Evolution of an ARTIST

VIOLINIST HILARY HAHN -- from marvel to mature musician, from Rodgers Forge to the world.

Cover Story

February 20, 2000|By Linell Smith | Linell Smith,Sun Staff

ST. LOUIS -- Hilary Hahn stands on the stage of the ornately gilded concert hall wearing clunky high-heeled loafers, black bell-bottom pants and a dark tank top. Her glorious waves of copper-colored hair pinned back, her antique violin in hand, she gazes fondly at her fellow musicians as if this rehearsal were actually a Welcome Home party.

It could be -- especially when the honored guest is Beethoven. This morning the young soloist and the members of the St. Louis Symphony Orchestra are rehearsing one of the most famous violin concertos in the repertoire: Beethoven's Concerto for Violin and Orchestra in D Major.

This young woman, barely out of her teens, has received a Grammy nomination for recording it with David Zinman and the Baltimore Symphony Orchestra. As she rehearses here in the former St. Louis movie palace, she bends gracefully across the composer's emotions like the ballet student she once was at the Peabody Conservatory in Baltimore.

During a break, concertmaster David Halen asks Hahn to play his violin: He wants to hear how it sings in her hands. He stands midway back in the empty hall listening raptly, the first of several orchestra members to request this favor. It's like watching Gelsey Kirkland dance in your pointe shoes, John Updike use your word processor: Some of the magic might rub off.

"I feel my violin is being played in a way that is in its purest form," Halen says later. "It's the purest sound with very little technical idiosyncrasy."

Accepting the notion of such mastery with such youth is challenging, but not nearly as much as it used to be.

"When she was 13, 14, you'd close your eyes and think you were listening to someone 50 years old with a lifetime of experience," says concert violinist Jaime Laredo. "And you'd open your eyes and there would be this little girl, a child who would bake cookies and bring them to class."

The child is now 20.

This past year, Hahn recorded her third CD, launched a U.S. and European recital tour, made her debut with the Berlin Philharmonic and performed at Lincoln Center. Along the way, she also soloed with a number of orchestras, appeared at chamber music festivals and even visited "Mr. Rogers' Neighborhood."
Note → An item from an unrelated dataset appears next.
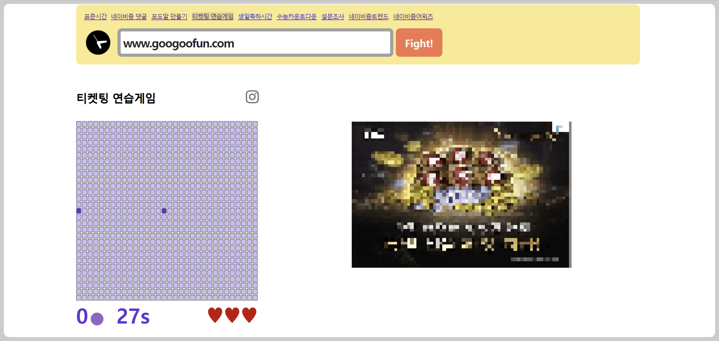 구구펀은 클릭 속도 및 반응 속도를 테스트하며 티켓팅 연습을 도와주는 사이트입니다.

Next month, after she returns from Europe and her first tour of Scandinavia, Hahn will perform in Maryland, close to her childhood home in Rodgers Forge. And she will no doubt record the experience in her Internet journal. For the past year, the violinist has written a travelogue, illustrated with digital photos, on a Web site provided for her by Sony, her recording company. She has described visits to more than 40 cities, reflecting on topics such as concert hall acoustics, recording sessions and how to order pizza in Italy: " 'Pepperoni' refers to 'bell peppers' and 'salami' (picante) to what we Americans call 'pepperoni.' "
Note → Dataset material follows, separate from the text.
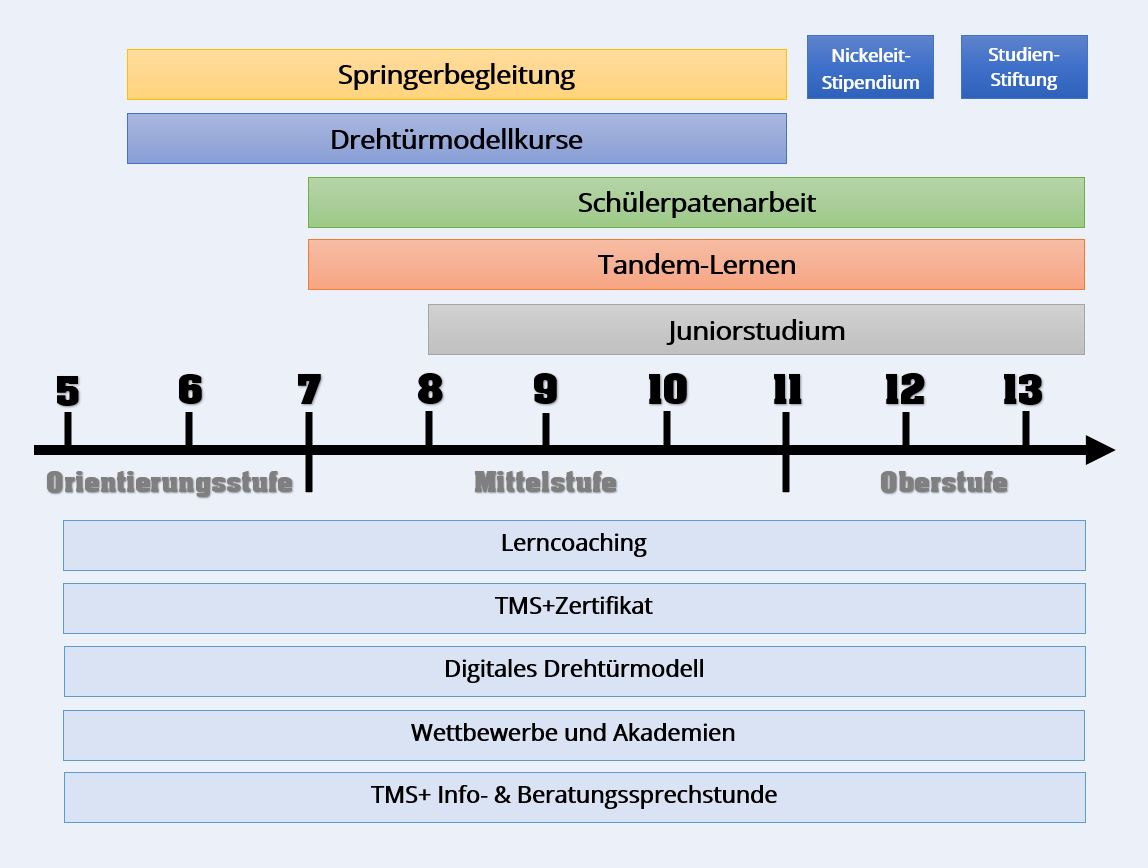Begabten- und Begabungsförderung ist Teil unserer Schulkultur. Mit TMS+ möchten wir Schülerinnen und Schüler dabei unterstützen, ihre Stärken zu entdecken, zu vertiefen und über sich hinauszuwachsen. Unser Ziel ist, zu einer glücklichen und erfüllten Schulzeit beizutragen und den Grundstein für einen selbständigen und erfolgreichen Ausbildungs- und Lebensweg zu legen. Diese Fördermöglichkeiten bietet wir an:

"Touring is a more varied and interesting existence than I would have imagined," she says, in a break between practicing and rehearsing. "If you'd have asked me 10 years ago, I would have thought this life would be far more isolated. ... But I'm not separated from family, and I see people who I would normally keep up with only through letters. I get to work with a lot of great musicians -- many I wouldn't have expected to work with -- and see how they form their lives around their music and how they approach it."
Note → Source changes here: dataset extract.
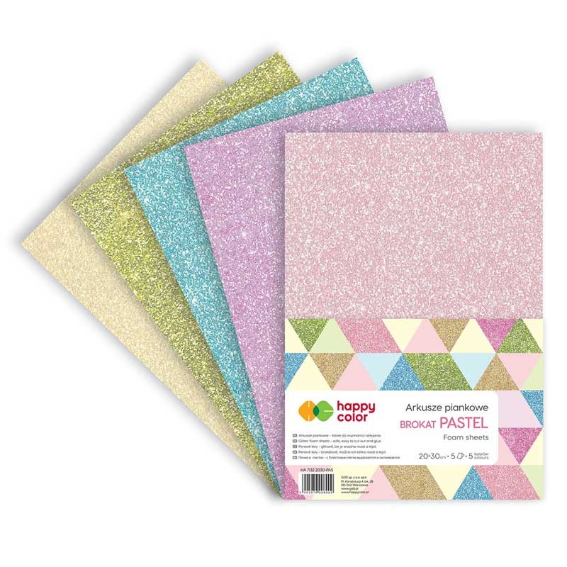 Arkusze piankowe Happy Color A4 brokatowe - pastelowe kolory

This young woman with the marble-smooth skin, blue-green eyes and turned-up nose is not easily categorized. Her politeness and enthusiasm remind you of a college kid interviewing for a summer job. But she is also very firm about how much time she can spare to talk about herself; her career has progressed rapidly, and seamlessly, by maintaining a disciplined approach to her schedule.

Teachers also mention Hahn's extraordinary ability to concentrate and her drive for perfection, a trait that also impressed Sony recording producer Tom Frost.

Frost, who has produced all three of Hahn's CDs, first worked with her when she was 16. They were using the acoustically sublime Troy Savings Bank Music Hall in Albany, N.Y., to record the teen-ager's debut album, a solo performance of the music of Bach. The project was a tall order for the most seasoned of musicians, Frost recalls, and in this instance, the weather was no friend. Summer sessions in the hall, which was not air-conditioned, were hellishly hot. The March recordings, done without heat because of the noise of the system, were frigid.

Recording at night to lessen the interference of traffic sounds, Hahn seemed oblivious to temperature extremes as well as to the clock. She reluctantly ended one session at 5 in the morning, Frost remembers, only so she could pack and catch the plane for her next concert engagement.

"She kept on playing for hours and hours, almost without stopping. She never complained, she just kept on going," he says. "She was the least tired of any of us -- because of the energy the music gives her."